_TASK ITEM_: Set down, exactly as written, the lines from the top of the data to the line that holds "towards inner harmony.", and omit the pictures.

_MATERIAL PROVIDED_:
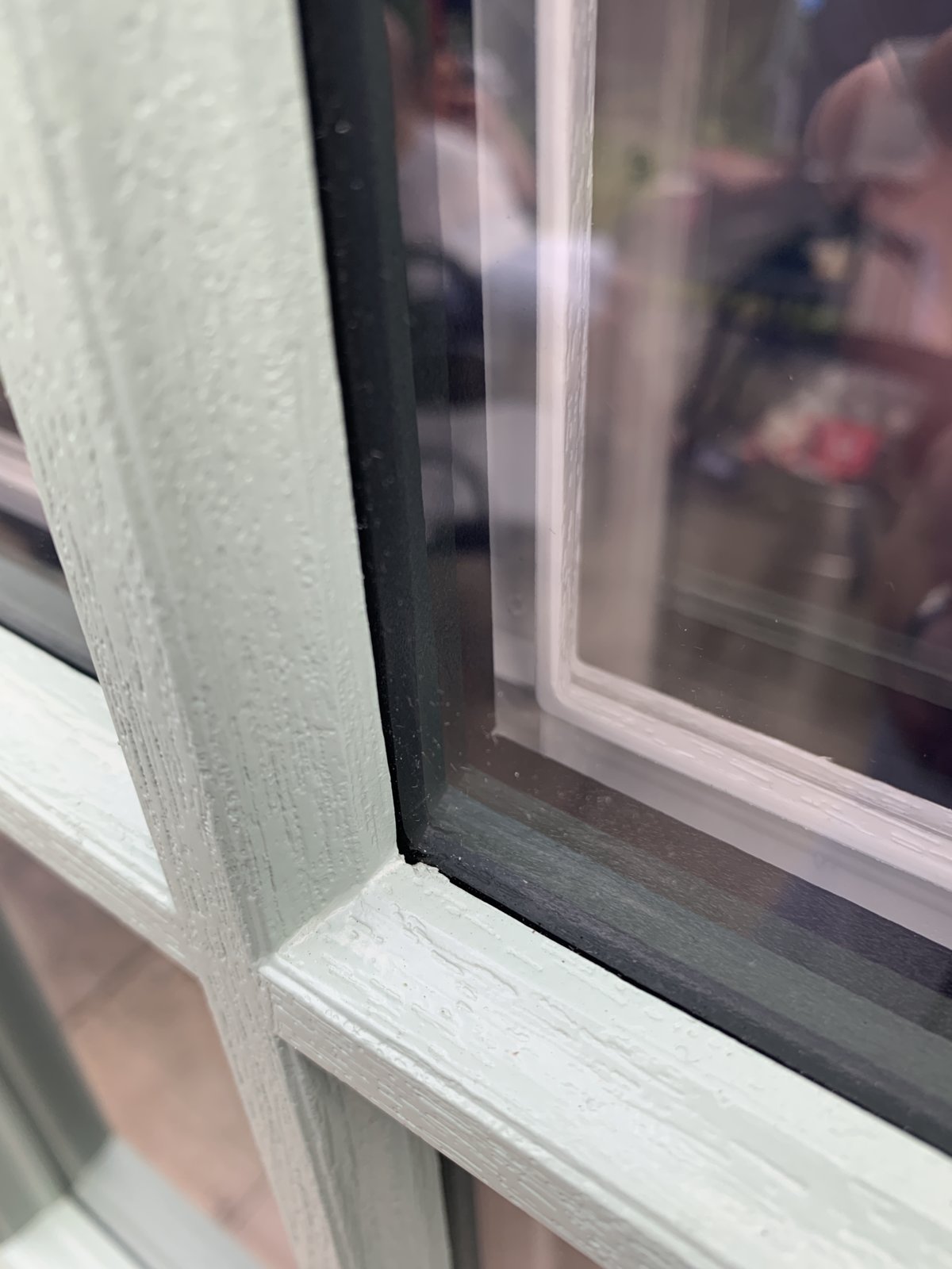 1st image I’m pretty sure the Glass in the door needs replacing it’s misty and the casing can been seen the border doesn’t seem to cover the glass properly, one side of the window you can see the black cassette by about 5mm the other side is recessed.
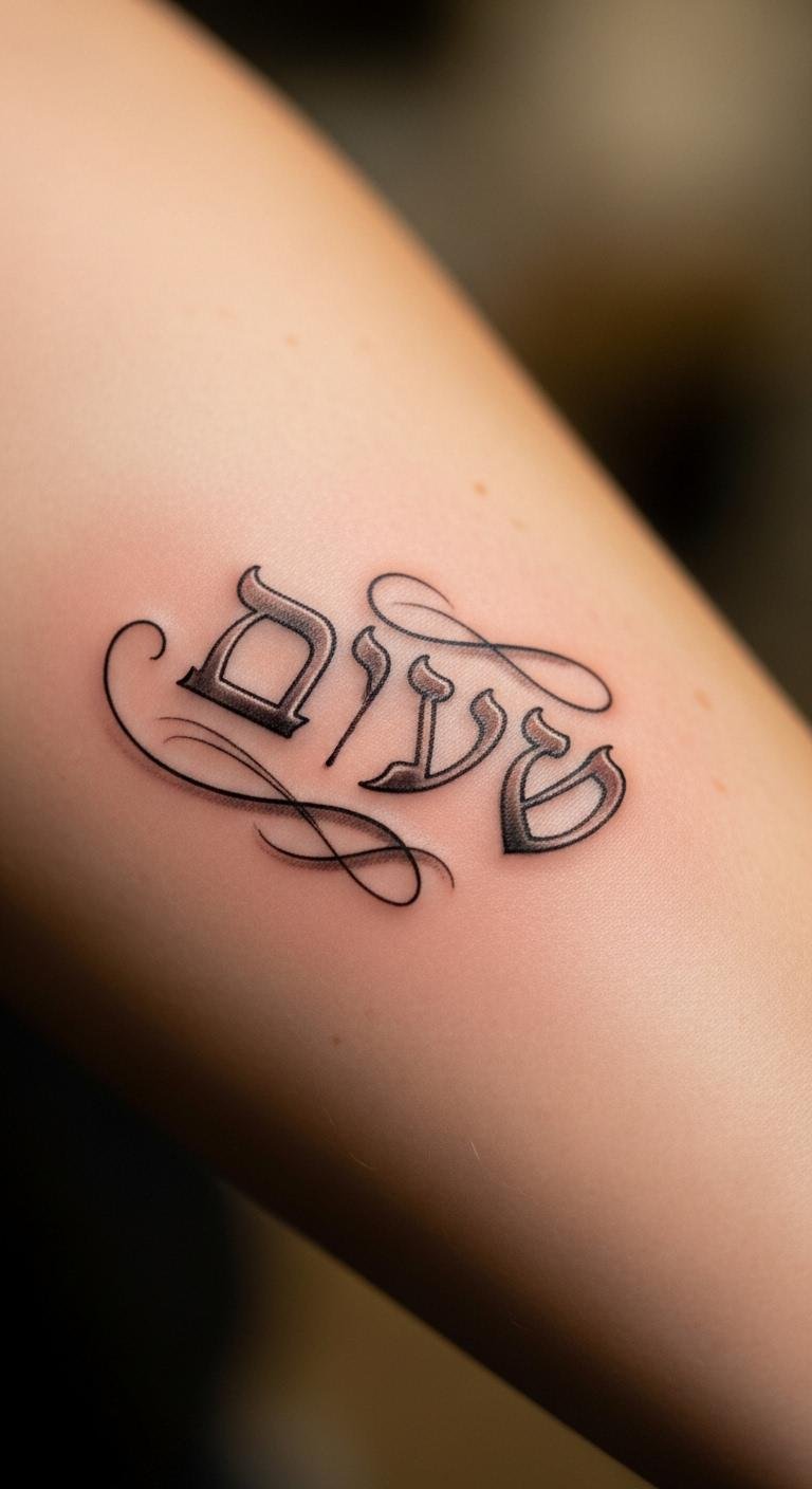 The “Shalom” tattoo symbolizes a deep commitment to peace and tranquility, serving as a constant reminder of the journey towards inner harmony.
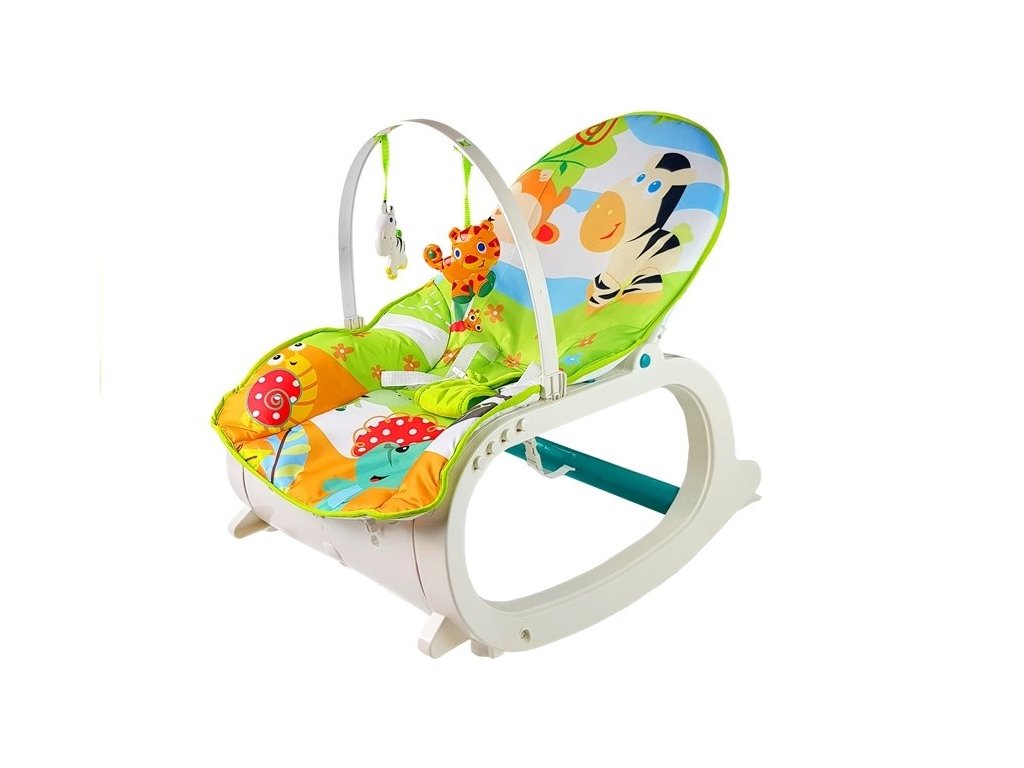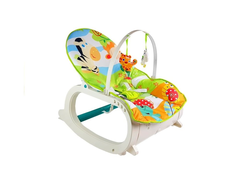 Комфортно вибриращо шезлонгче за бебе 2в1, в което вашето дете може да се отпусне и да играе. Бяло-зелено люлеещо шезлонгче с естествени мотиви, които със сигурност ще зарадват всяко малко бебе. Шезлонгчето е предназначено за новородени и по-големи бебета – до 3 години, с максимално тегло до 20 кг.

_EXPECTED ANSWER_:
 1st image I’m pretty sure the Glass in the door needs replacing it’s misty and the casing can been seen the border doesn’t seem to cover the glass properly, one side of the window you can see the black cassette by about 5mm the other side is recessed.
 The “Shalom” tattoo symbolizes a deep commitment to peace and tranquility, serving as a constant reminder of the journey towards inner harmony.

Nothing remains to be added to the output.